Remove /etc/init.d/apache2. It just confuses things.
Set which runlevels httpd will run under by chkconfig or command line:
chkconfig --add httpd chkconfig --level 2345 httpd on chkconfig --list
sudo cp /usr/local/apache2/bin/apachectl /etc/init.d/httpd cd /etc/rc3.d sudo ln -s ../init.d/httpd S90httpd cd /etc/rc5.d sudo ln -s ../init.d/httpd S90httpd
Use mod_fcgid
It has performance advantage over mod_fastcgi(especially after bringing modEncode data) See Lincoln's notes:
http://gmod.org/wiki/Recompiling_mod_fcgid_to_avoid_truncated_Perl_library_paths
Install Fast CGI
$ cd /usr/local/wormbase/build $ wget http://www.fastcgi.com/dist/mod_fastcgi-2.4.6.tar.gz $ tar xzf mod_fastcgi.*.tar.gz $ cd mod_fastcgi* $ cp Makefile.AP2 Makefile $ make $ sudo make install
MySQL
Each node in the renderfarm has its own MySQL databases.
Installation (>= 5.1)
We need a newer version of mysql than is available from the package manager. We'lll install the binary for x86_64.
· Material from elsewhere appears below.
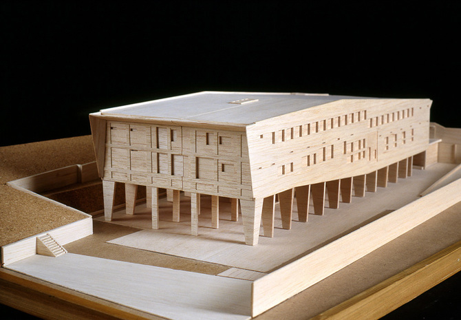 El edificio se genera de acuerdo con sus propias leyes geométricas y aparece en su entorno como un objeto hasta cierto punto anómalo y descontextualizado. En el interior, la sección longitudinal se manifiesta en el perfil de las fachadas laterales, que se quiebran según el ritmo impuesto por el sistema interior de las rampas. Pero las rampas son algo más que un recurso, representan un gesto y a la vez una metáfora. Un gesto porque su tratamiento y dimensiones van más allá de la mera función transportadora. Y son una metáfora porque, al igual que la cultura no admiten estabilidad, sino una continua tendencia al esforzado ascenso al conocimiento, muchas veces difícil de alcanzar.

$ sudo groupadd mysql $ sudo useradd -g mysql mysql $ sudo usermod -a -G mysql tharris $ cd /usr/local $ sudo gunzip < /path/to/mysql-VERSION-OS.tar.gz | sudo tar xvf - $ sudo ln -s full-path-to-mysql-VERSION-OS mysql $ cd mysql $ sudo chown -R mysql . $ sudo chgrp -R mysql . $ sudo scripts/mysql_install_db --user=mysql // may be necessary to remove /etc/mysql/my.cnf first $ sudo chown -R root . $ sudo chown -R mysql data $ sudo chmod 2775 data // I like to be able to write to my datadir
// Copy the configuration file $ sudo cp support_files/my-medium.cnf /etc/my.cnf
// It may be necessary to add the following to my.cnf if back end nodes // don't have fully qualified domain names skip-name-resolve
// Set up mysql to start up automatically $ sudo cp support_files/mysql.server /etc/init.d/. $ cd /etc/rc3.d $ sudo ln -s ../init.d/mysql.server S90mysql $ cd ../rc5.d $ sudo ln -s ../init.d/mysql.server S90mysql
// Start it up and set a root password. $ sudo /etc/init.d/mysql.server start $ mysqladmin -u root password 'PASSWORD'
Databases
MySQL databases will be mirrored over directly as part of the production update process. They should be located in /usr/local/mysql/data. Symlinks, using the symbolic name of the database, point to the current version:
c_elegans -> c_elegans_WS211
Privileges
Be sure to grant privileges to both master and slave servers to the databases:
$ mysql -u root -p -e 'grant select on c_elegans.* to nobody@localhost' $ mysql -u root -p -e 'grant select on c_elegans.* to nobody@render-slave-ip'
Install Requisite Perl Modules
All libraries specific for GBrowse are maintained in a local shared directory. This makes it easier and faster to upgrade GBrowse, but more difficult to test multiple versions simultaneously. To test a new version of GBrowse, place extlib inside of the gbrowse-current directory and modify the apache configuration and commands below as appropriate.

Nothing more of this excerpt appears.